**What is required**
Among the records below, find the line with "Примеры использования спряжения" and the line with "Um banho desenhado". Set down both and every line between, exactly and with no pictures, but nothing else.

**Exercise data**
——

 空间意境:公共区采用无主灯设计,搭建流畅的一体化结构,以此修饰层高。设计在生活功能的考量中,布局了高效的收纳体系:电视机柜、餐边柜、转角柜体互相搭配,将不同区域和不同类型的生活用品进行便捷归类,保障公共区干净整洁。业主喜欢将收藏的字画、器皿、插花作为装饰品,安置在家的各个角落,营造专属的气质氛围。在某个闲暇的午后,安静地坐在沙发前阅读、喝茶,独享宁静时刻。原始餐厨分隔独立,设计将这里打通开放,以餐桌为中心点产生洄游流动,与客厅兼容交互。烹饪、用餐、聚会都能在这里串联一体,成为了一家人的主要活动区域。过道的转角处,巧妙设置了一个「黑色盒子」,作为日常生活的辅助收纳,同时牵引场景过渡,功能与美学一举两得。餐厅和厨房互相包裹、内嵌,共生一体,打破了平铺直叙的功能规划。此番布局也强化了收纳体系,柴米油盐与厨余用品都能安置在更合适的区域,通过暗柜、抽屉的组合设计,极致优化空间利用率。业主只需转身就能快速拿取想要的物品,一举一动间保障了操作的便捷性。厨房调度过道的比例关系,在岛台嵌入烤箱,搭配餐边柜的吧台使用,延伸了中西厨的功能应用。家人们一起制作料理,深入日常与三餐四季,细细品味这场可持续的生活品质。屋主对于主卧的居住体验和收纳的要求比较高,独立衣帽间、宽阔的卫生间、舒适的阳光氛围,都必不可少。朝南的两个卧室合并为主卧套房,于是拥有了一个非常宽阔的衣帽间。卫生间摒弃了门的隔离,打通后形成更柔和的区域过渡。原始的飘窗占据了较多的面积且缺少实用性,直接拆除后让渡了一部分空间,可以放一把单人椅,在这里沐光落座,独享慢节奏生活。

——

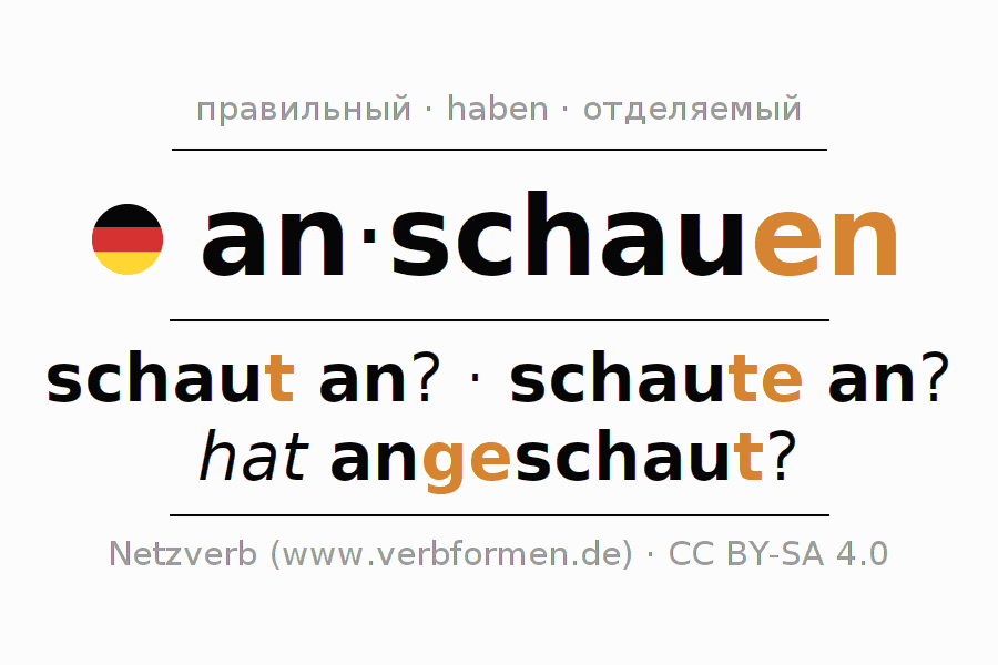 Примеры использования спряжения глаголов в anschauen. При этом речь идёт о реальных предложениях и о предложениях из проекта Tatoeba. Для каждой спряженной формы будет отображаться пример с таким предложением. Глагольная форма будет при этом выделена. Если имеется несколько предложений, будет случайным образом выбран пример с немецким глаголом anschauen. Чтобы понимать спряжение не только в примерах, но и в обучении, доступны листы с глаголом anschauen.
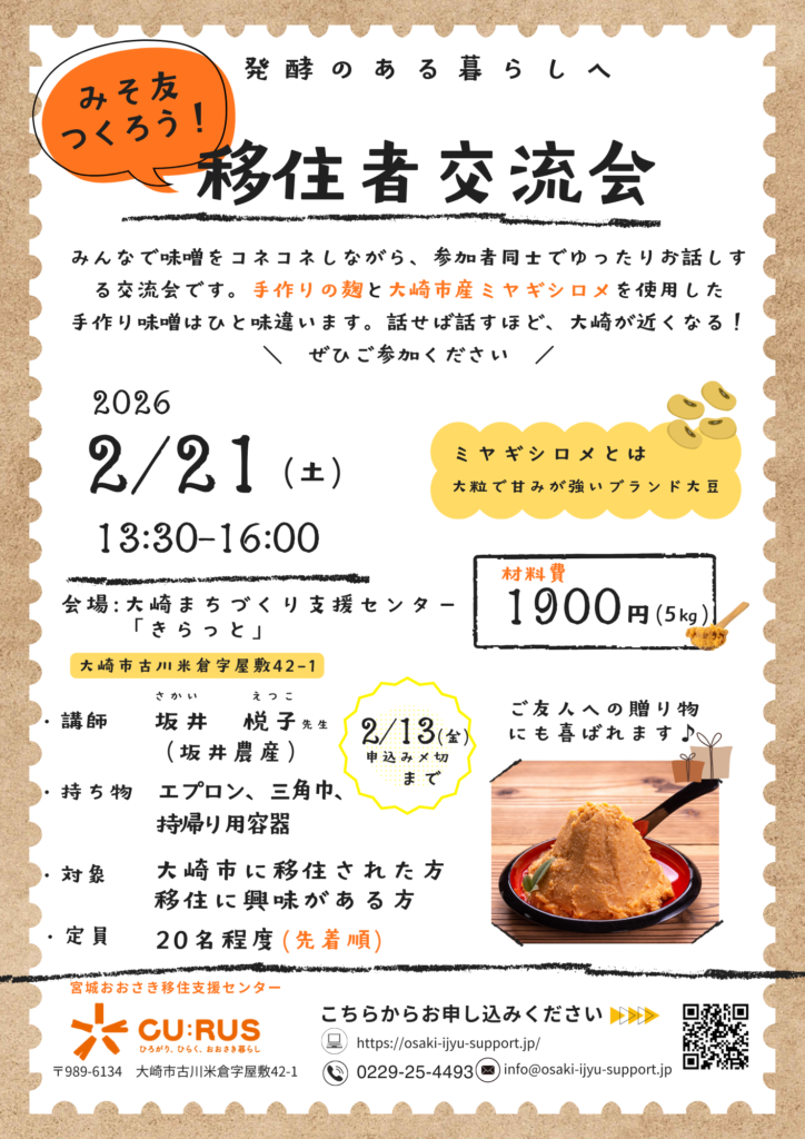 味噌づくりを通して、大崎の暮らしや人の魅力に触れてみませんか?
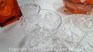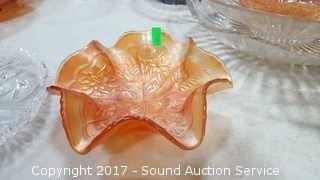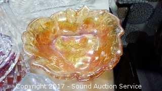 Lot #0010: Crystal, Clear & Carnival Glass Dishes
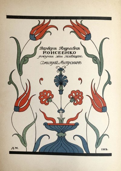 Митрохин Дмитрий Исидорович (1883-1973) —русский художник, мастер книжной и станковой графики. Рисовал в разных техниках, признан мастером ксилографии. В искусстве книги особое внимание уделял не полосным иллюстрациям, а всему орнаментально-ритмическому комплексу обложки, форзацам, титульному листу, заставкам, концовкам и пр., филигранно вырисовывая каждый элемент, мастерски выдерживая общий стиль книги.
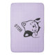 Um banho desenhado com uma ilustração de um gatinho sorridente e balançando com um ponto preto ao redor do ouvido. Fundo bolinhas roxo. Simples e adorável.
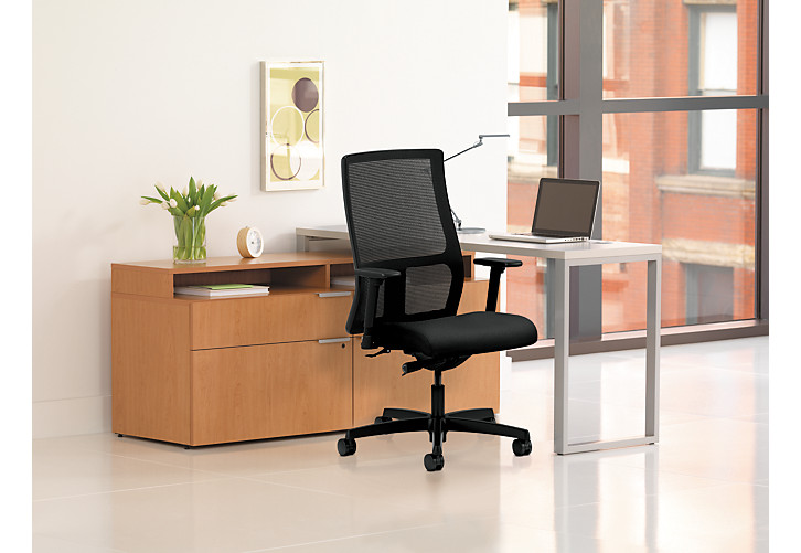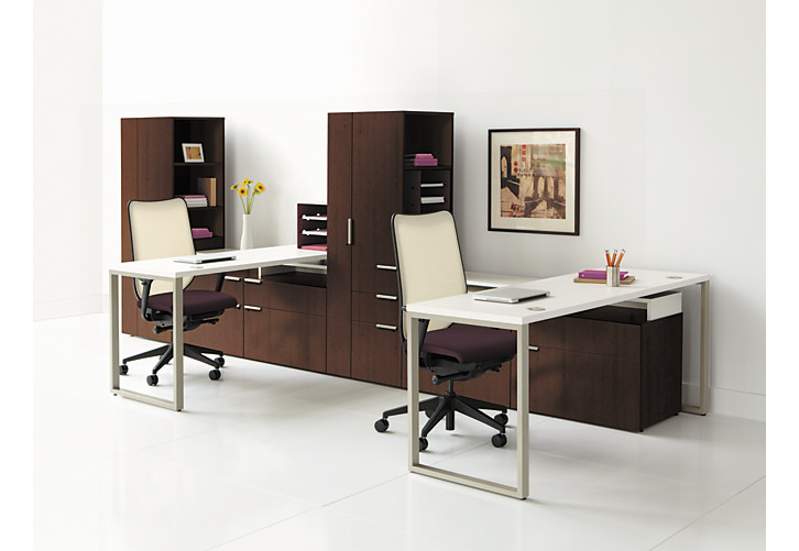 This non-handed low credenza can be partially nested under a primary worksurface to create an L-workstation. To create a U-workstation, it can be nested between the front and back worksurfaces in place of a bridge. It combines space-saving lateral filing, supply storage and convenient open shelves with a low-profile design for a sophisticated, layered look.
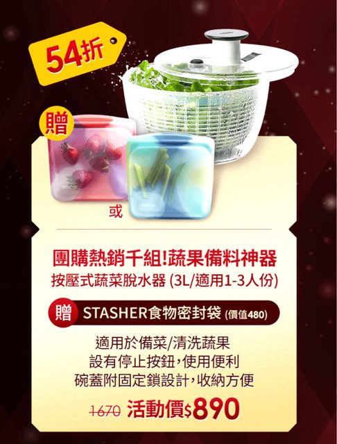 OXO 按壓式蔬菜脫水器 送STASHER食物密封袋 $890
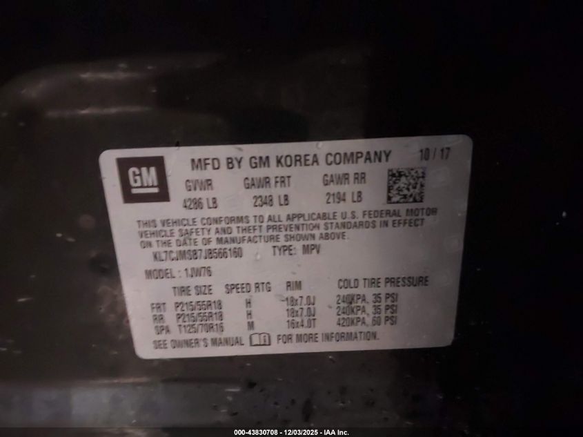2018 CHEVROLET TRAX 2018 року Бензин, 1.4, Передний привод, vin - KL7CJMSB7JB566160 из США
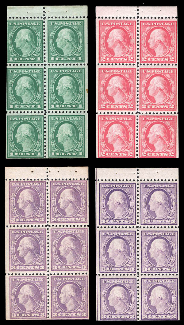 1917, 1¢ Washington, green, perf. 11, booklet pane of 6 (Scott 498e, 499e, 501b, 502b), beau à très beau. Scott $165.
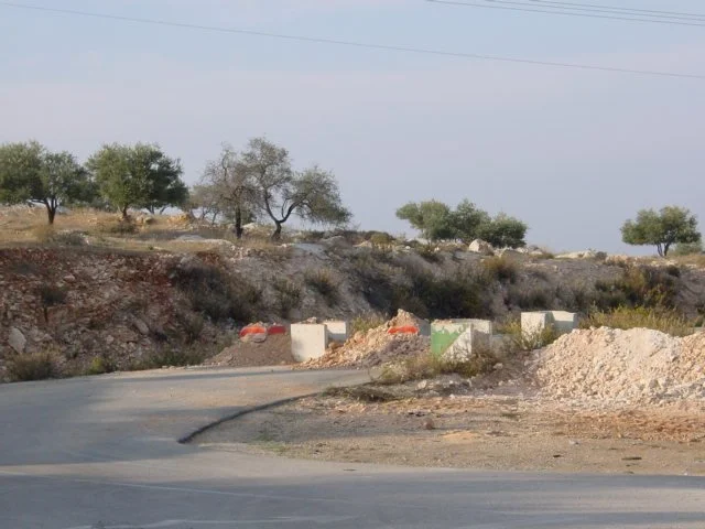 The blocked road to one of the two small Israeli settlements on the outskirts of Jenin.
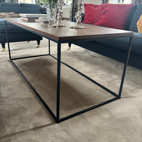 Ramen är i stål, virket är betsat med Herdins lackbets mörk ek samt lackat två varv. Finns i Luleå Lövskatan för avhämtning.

——

**Answer below**
 Примеры использования спряжения глаголов в anschauen. При этом речь идёт о реальных предложениях и о предложениях из проекта Tatoeba. Для каждой спряженной формы будет отображаться пример с таким предложением. Глагольная форма будет при этом выделена. Если имеется несколько предложений, будет случайным образом выбран пример с немецким глаголом anschauen. Чтобы понимать спряжение не только в примерах, но и в обучении, доступны листы с глаголом anschauen.
 味噌づくりを通して、大崎の暮らしや人の魅力に触れてみませんか?
 Lot #0010: Crystal, Clear & Carnival Glass Dishes
 Митрохин Дмитрий Исидорович (1883-1973) —русский художник, мастер книжной и станковой графики. Рисовал в разных техниках, признан мастером ксилографии. В искусстве книги особое внимание уделял не полосным иллюстрациям, а всему орнаментально-ритмическому комплексу обложки, форзацам, титульному листу, заставкам, концовкам и пр., филигранно вырисовывая каждый элемент, мастерски выдерживая общий стиль книги.
 Um banho desenhado com uma ilustração de um gatinho sorridente e balançando com um ponto preto ao redor do ouvido. Fundo bolinhas roxo. Simples e adorável.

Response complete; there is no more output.